§ Recorded information:
==============================
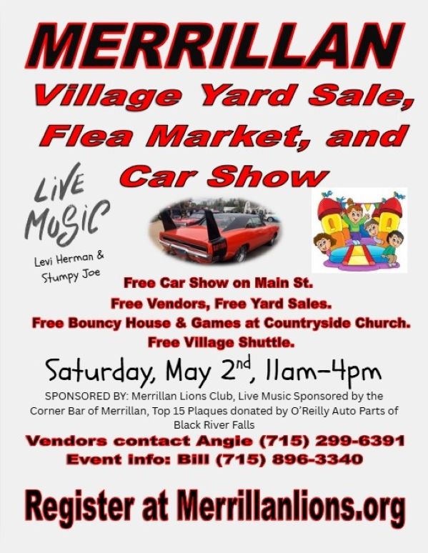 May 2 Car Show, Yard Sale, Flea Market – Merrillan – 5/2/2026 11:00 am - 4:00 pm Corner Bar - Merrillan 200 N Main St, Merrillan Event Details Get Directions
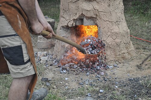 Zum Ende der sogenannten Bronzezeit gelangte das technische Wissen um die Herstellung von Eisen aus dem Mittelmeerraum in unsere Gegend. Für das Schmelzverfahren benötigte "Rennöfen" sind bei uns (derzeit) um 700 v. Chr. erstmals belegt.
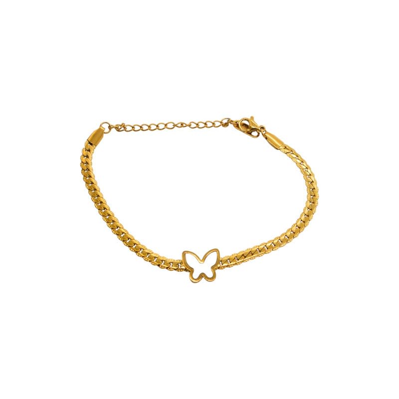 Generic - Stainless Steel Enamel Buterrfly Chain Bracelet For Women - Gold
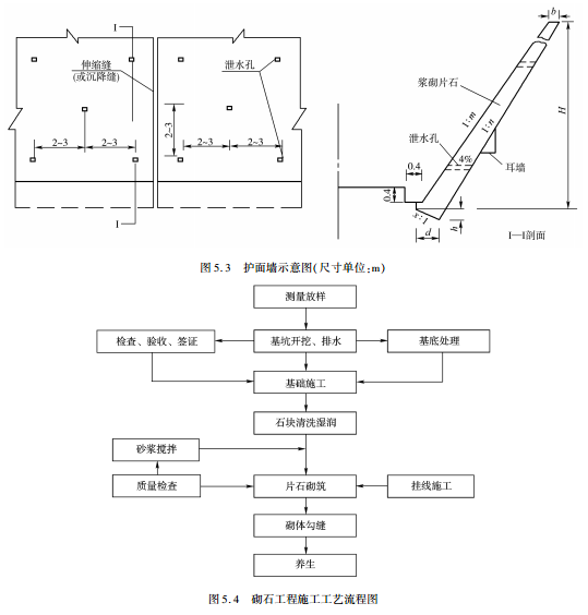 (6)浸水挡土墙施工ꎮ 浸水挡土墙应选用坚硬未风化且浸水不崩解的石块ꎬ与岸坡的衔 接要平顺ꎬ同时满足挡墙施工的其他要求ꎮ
==============================
§ Work request: Write out all the material verbatim, images excluded.

§ Result:
 May 2 Car Show, Yard Sale, Flea Market – Merrillan – 5/2/2026 11:00 am - 4:00 pm Corner Bar - Merrillan 200 N Main St, Merrillan Event Details Get Directions
 Zum Ende der sogenannten Bronzezeit gelangte das technische Wissen um die Herstellung von Eisen aus dem Mittelmeerraum in unsere Gegend. Für das Schmelzverfahren benötigte "Rennöfen" sind bei uns (derzeit) um 700 v. Chr. erstmals belegt.
 Generic - Stainless Steel Enamel Buterrfly Chain Bracelet For Women - Gold
 (6)浸水挡土墙施工ꎮ 浸水挡土墙应选用坚硬未风化且浸水不崩解的石块ꎬ与岸坡的衔 接要平顺ꎬ同时满足挡墙施工的其他要求ꎮ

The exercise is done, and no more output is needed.